→ Activity:
Pull out from the material below all lines with "room".

→ Records supplied:
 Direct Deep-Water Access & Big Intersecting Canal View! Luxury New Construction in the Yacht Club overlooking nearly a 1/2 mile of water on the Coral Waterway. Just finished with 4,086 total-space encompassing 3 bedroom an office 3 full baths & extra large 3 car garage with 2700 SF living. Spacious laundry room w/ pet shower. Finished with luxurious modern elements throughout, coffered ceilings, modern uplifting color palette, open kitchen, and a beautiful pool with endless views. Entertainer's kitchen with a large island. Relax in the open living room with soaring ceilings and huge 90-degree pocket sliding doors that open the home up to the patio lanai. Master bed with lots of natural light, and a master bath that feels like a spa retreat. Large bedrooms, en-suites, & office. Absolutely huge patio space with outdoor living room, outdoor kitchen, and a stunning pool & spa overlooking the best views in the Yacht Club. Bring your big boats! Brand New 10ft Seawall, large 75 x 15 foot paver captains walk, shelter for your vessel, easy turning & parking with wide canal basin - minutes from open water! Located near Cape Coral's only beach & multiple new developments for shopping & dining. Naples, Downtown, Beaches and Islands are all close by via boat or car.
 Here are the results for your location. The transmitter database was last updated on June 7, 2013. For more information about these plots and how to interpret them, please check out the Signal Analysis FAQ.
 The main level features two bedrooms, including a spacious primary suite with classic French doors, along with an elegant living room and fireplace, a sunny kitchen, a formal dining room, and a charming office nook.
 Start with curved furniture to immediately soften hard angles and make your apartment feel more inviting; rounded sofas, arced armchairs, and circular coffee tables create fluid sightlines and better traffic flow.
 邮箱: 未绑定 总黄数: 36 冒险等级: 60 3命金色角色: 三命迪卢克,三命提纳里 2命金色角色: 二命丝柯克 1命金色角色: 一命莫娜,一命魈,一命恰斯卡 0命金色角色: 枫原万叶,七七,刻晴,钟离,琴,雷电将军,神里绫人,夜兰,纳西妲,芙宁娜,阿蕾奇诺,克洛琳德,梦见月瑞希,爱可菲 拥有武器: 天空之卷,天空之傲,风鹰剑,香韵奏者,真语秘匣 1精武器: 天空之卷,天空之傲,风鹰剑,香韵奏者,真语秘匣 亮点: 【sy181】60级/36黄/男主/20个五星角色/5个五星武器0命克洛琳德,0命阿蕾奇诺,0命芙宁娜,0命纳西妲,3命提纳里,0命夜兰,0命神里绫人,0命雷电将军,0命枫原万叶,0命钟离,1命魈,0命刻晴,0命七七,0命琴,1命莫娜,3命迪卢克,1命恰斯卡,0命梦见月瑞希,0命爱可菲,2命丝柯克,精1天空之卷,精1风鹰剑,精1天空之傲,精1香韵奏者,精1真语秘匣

→ Task result:
 Direct Deep-Water Access & Big Intersecting Canal View! Luxury New Construction in the Yacht Club overlooking nearly a 1/2 mile of water on the Coral Waterway. Just finished with 4,086 total-space encompassing 3 bedroom an office 3 full baths & extra large 3 car garage with 2700 SF living. Spacious laundry room w/ pet shower. Finished with luxurious modern elements throughout, coffered ceilings, modern uplifting color palette, open kitchen, and a beautiful pool with endless views. Entertainer's kitchen with a large island. Relax in the open living room with soaring ceilings and huge 90-degree pocket sliding doors that open the home up to the patio lanai. Master bed with lots of natural light, and a master bath that feels like a spa retreat. Large bedrooms, en-suites, & office. Absolutely huge patio space with outdoor living room, outdoor kitchen, and a stunning pool & spa overlooking the best views in the Yacht Club. Bring your big boats! Brand New 10ft Seawall, large 75 x 15 foot paver captains walk, shelter for your vessel, easy turning & parking with wide canal basin - minutes from open water! Located near Cape Coral's only beach & multiple new developments for shopping & dining. Naples, Downtown, Beaches and Islands are all close by via boat or car.
 The main level features two bedrooms, including a spacious primary suite with classic French doors, along with an elegant living room and fireplace, a sunny kitchen, a formal dining room, and a charming office nook.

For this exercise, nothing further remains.